Let the intersection of ρ cos θ = 4 and the polar axis be point a
OAM is a right triangle with OA = 4
At point P, make Pb perpendicular to the intersection axis of OM and at point B
So triangle OPB is similar to OAM
So ob / op = OM / OA
therefore OB.OA=12 So ob = 3
So OP = 3cos θ
So the trajectory of P is ρ = 3cos θ

How to solve the polar equation of a circle?

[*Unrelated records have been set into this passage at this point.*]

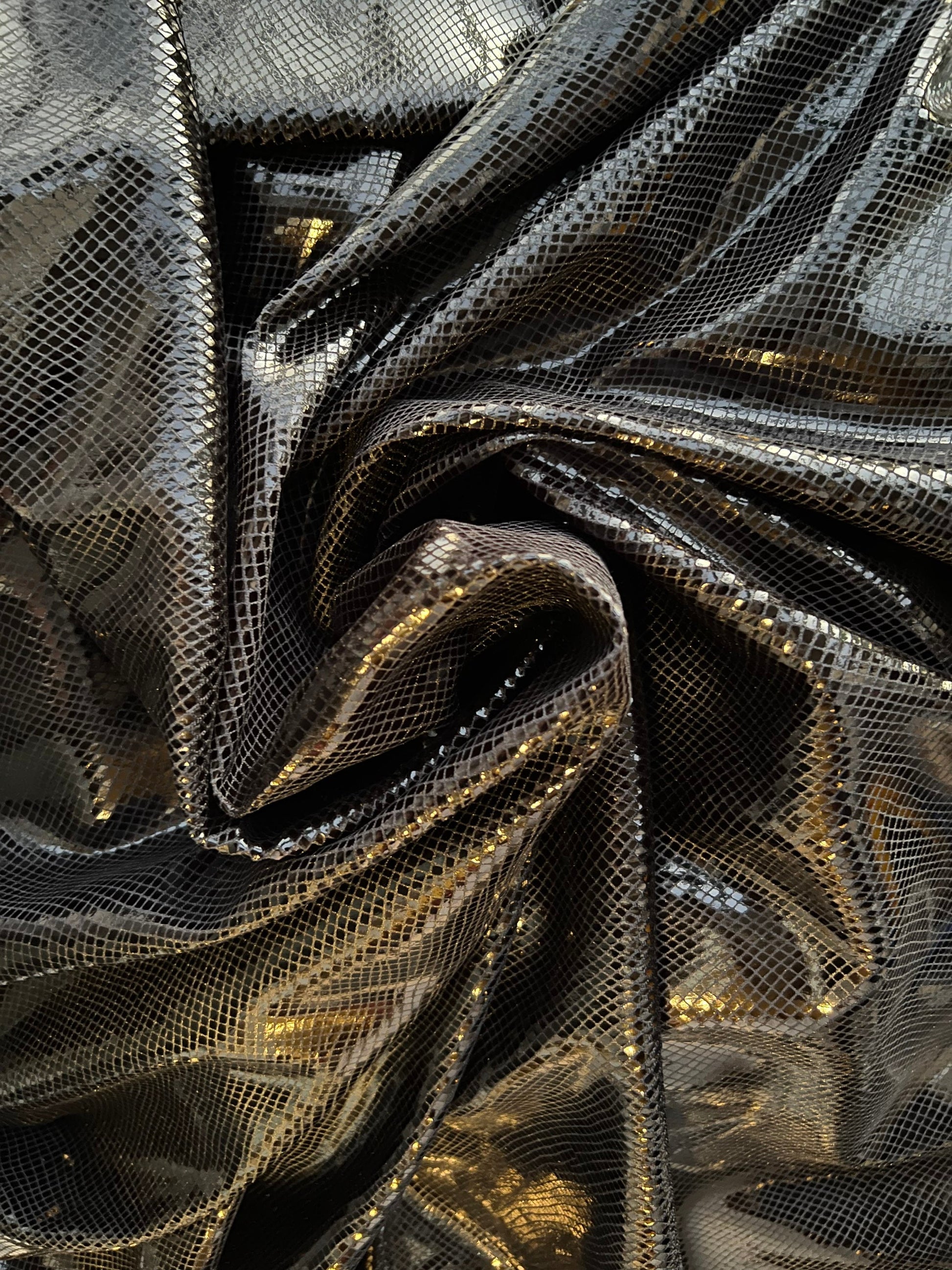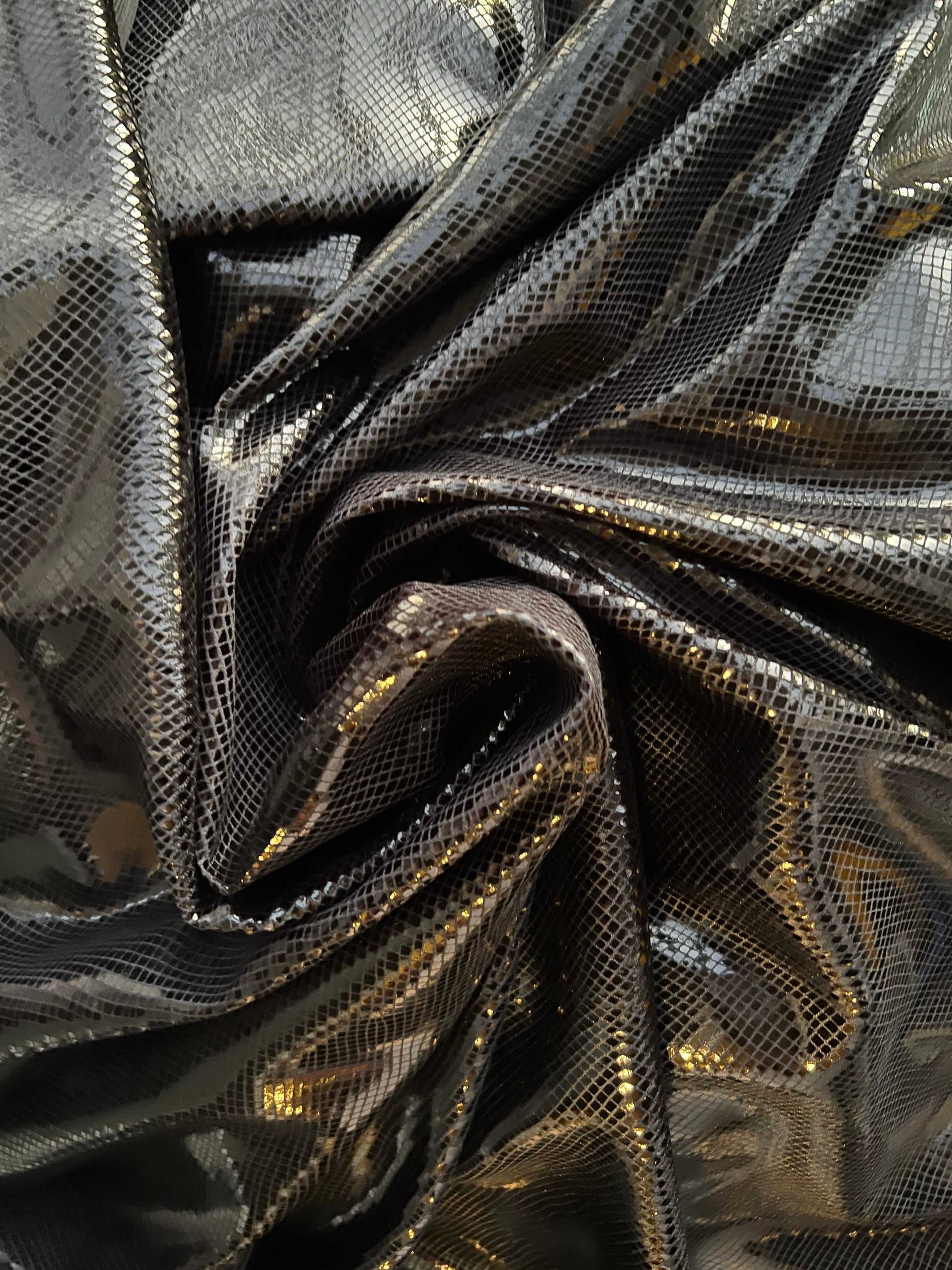 Dragón scales design super shiny stretch velvet with foil 4-way stretch 58/60” Sold by the YD. Ships Worldwide from Los Angeles California
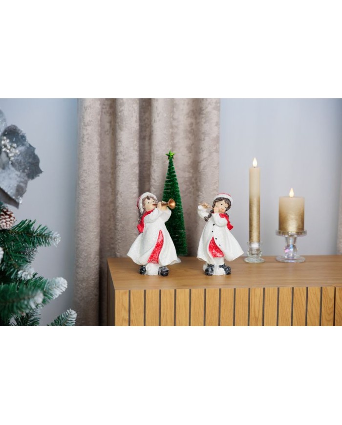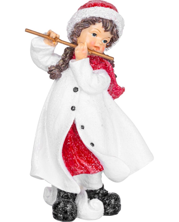 Dekorácia MagicHome Vianoce, Dievčatko hrajúce na flautu, polyresin, 12x12x20 cm
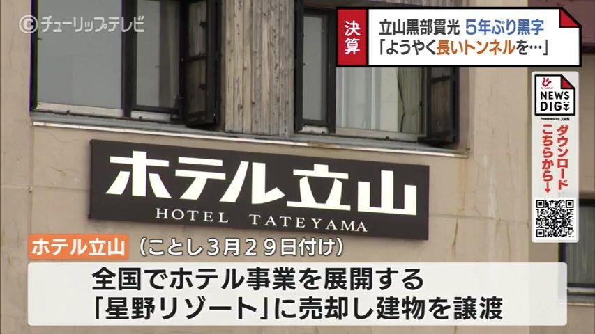 また、ことし3月29日付けで、全国でホテル事業を展開する「星野リゾート」に室堂の「ホテル立山」を売却し、建物を譲渡したと報告しました。売却額は公表していません。
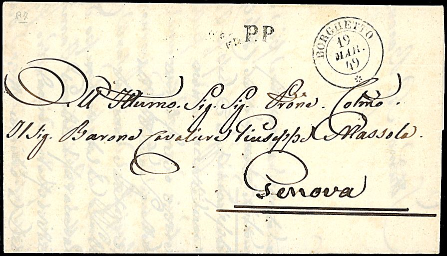 1849 - Lettera c.d.t da BORGHETTO (19/3/49) a Genova con bollo PP
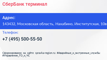 СберБанк, терминал по адресу 143432, Московская область, Нахабино, Институтская, 10в в дальнейшем Организация, размещена в следующих категориях:
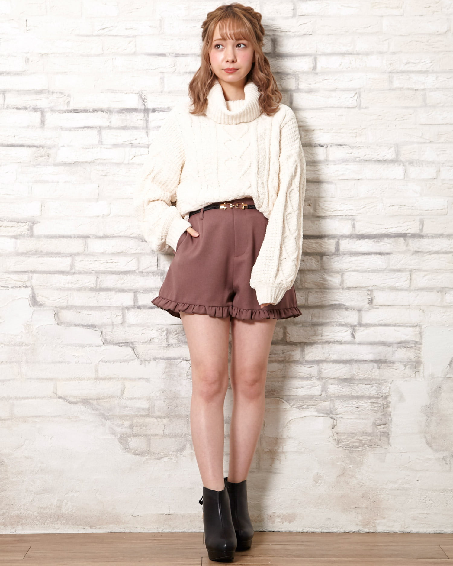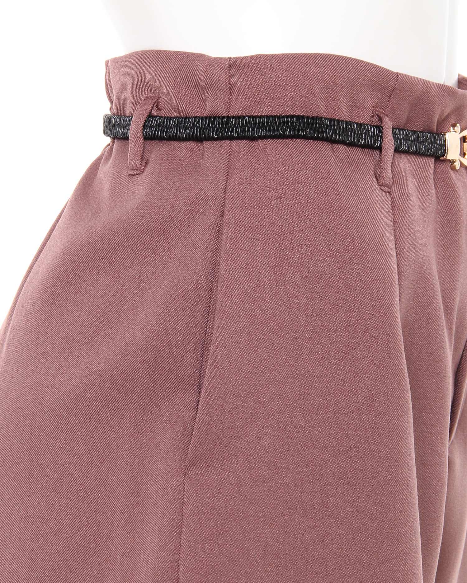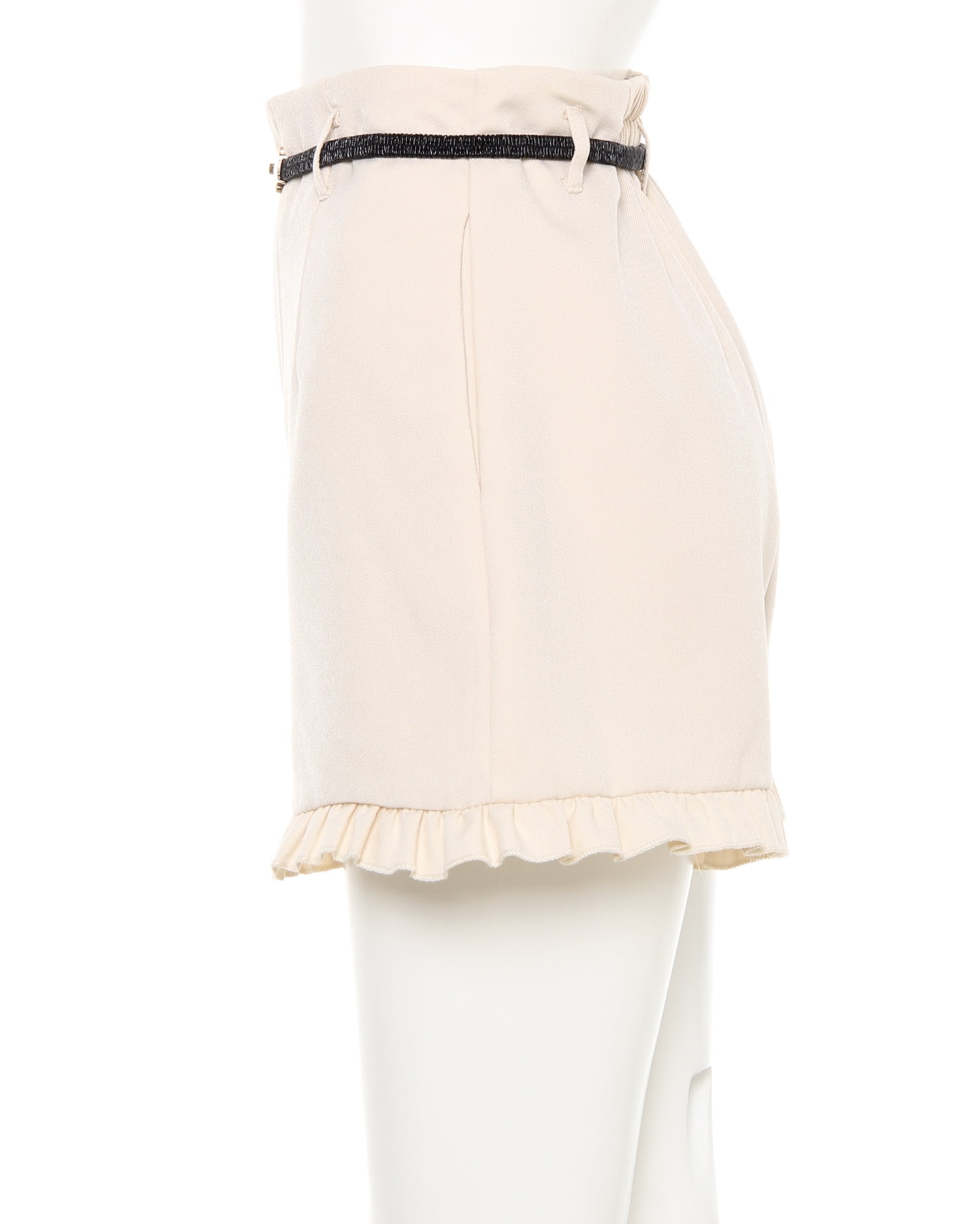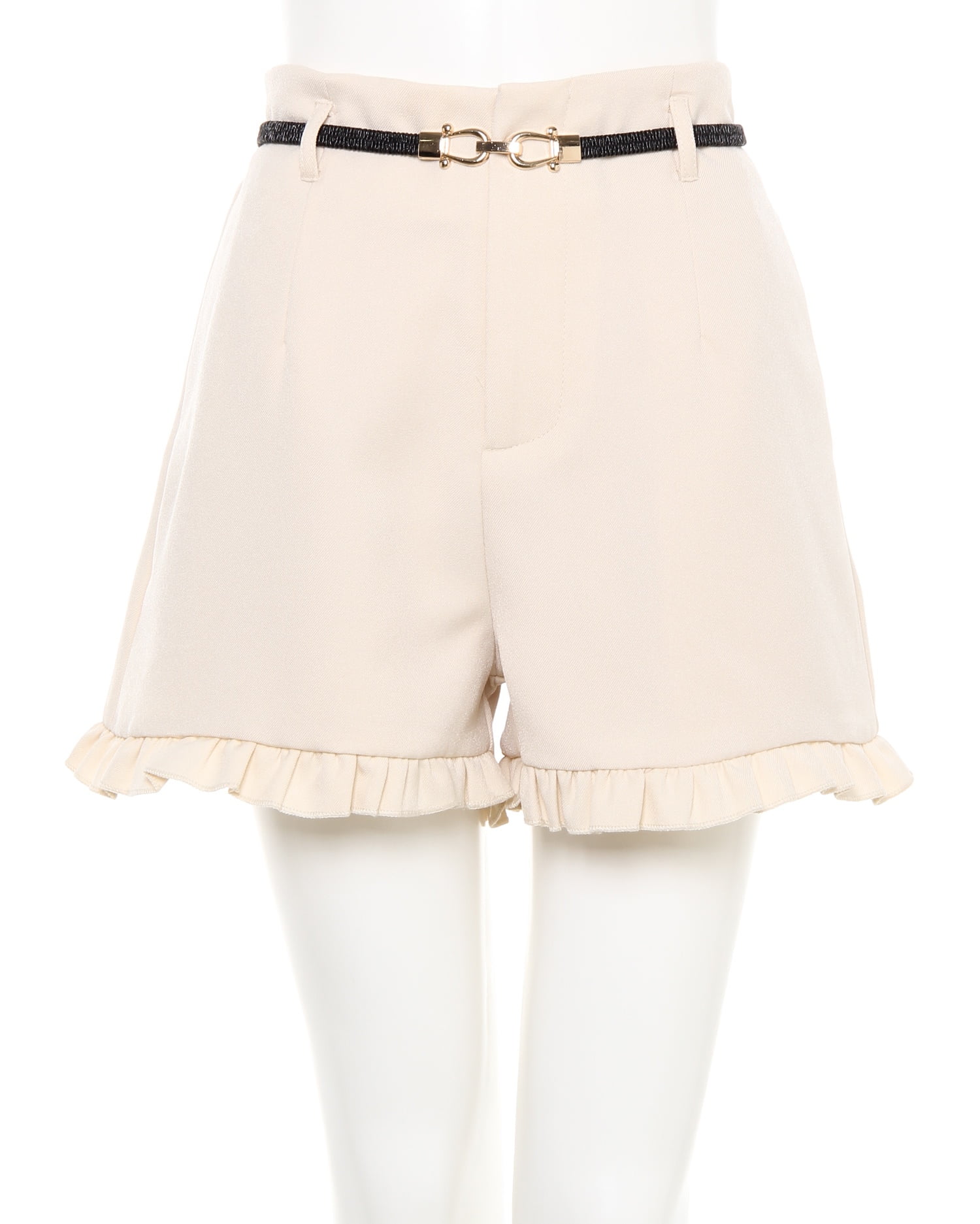 フェミニンなトップスと合わせてガーリーに着こなせるキュロットパンツ。広めの裾にあしらったフリルが表情豊かなアクセントになっています。裾に向かって広がるフレアシルエットがヒップラインをカバー、スタイルアップ効果も期待できる優秀デザイン。ウエストの後ろ部分はゴムを入れているので脱ぎ穿きも快適、デイリーに重宝します。メリハリのあるウエストを演出してくれるベルト付き。

Then, C (a, t) = C (ACOS (T), asin (T)). Therefore, the equation of circle is: (ρ cos (θ) - ACOS (T)) + (ρ sin (θ) - asin (T)) = R

What is the polar equation

The curve equation described by polar coordinate system is called polar coordinate equation, which is usually expressed as the function of ρ as the independent variable

Let (2,0) be a certain point on the plane, and the graph of the moving point P (sin (2t - π / 3), cos (2t - π / 3)) be c When π / 3 becomes π / 4, the area of figure C swept by the line AP

Sin image and COS image In mathematics, there is the problem of moving sin or cos image. How to enlarge the x-coordinate first and how to enlarge the x-coordinate first And sin (x + π / 4) first shift π / 3, then enlarge X by two times

Let a (2.0) be a certain point on the plane, and the moving point P (sin (2t-60 °), cos (2t-60 °). When t changes from 20 to 40, the curve track of P moving clockwise from P1 to P2 and the graph area of AP1 and ap2 are ()

What is the formula of polar coordinates for area, D θ? The mathematics foundation is not good, the teacher speaks time does not listen carefully The book says, if theta increases D theta, then Da = 1 / 2 * R ^ 2 * D theta Why D θ? What is d θ?